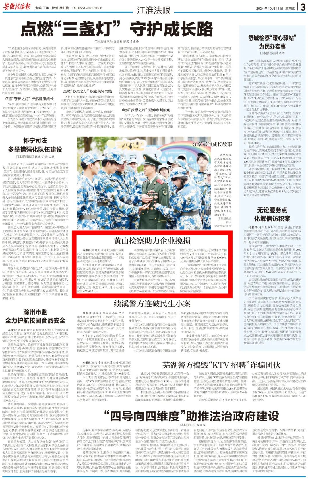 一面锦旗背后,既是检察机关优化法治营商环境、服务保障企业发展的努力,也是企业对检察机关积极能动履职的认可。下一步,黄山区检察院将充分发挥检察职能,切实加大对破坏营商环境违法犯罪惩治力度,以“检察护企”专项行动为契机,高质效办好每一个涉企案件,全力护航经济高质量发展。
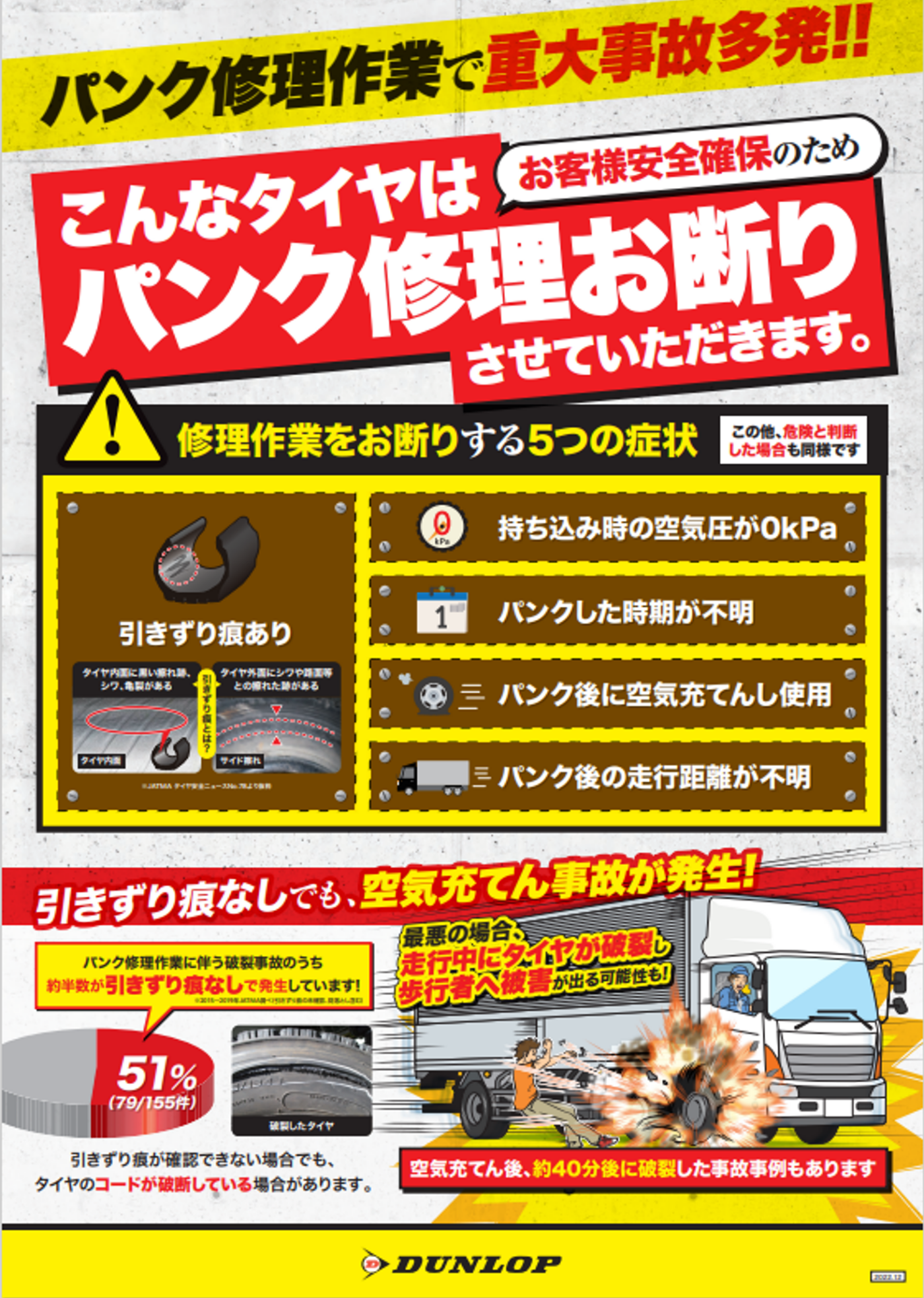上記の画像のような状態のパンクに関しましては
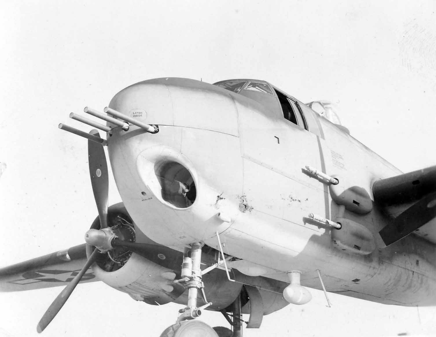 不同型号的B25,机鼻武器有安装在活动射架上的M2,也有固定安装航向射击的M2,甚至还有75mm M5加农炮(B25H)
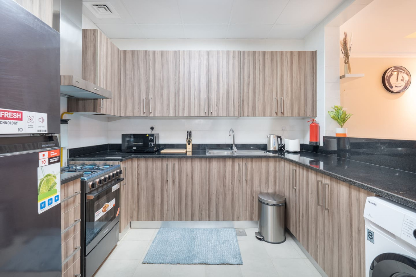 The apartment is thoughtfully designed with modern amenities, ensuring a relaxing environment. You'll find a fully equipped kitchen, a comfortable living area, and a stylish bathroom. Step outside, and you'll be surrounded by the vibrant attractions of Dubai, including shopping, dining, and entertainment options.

> [TASK TO CARRY OUT]
Each line of the data must be transcribed exactly; pictures are not carried over.

> [TASK ANSWER]
 一面锦旗背后,既是检察机关优化法治营商环境、服务保障企业发展的努力,也是企业对检察机关积极能动履职的认可。下一步,黄山区检察院将充分发挥检察职能,切实加大对破坏营商环境违法犯罪惩治力度,以“检察护企”专项行动为契机,高质效办好每一个涉企案件,全力护航经济高质量发展。
上記の画像のような状態のパンクに関しましては
 不同型号的B25,机鼻武器有安装在活动射架上的M2,也有固定安装航向射击的M2,甚至还有75mm M5加农炮(B25H)
 The apartment is thoughtfully designed with modern amenities, ensuring a relaxing environment. You'll find a fully equipped kitchen, a comfortable living area, and a stylish bathroom. Step outside, and you'll be surrounded by the vibrant attractions of Dubai, including shopping, dining, and entertainment options.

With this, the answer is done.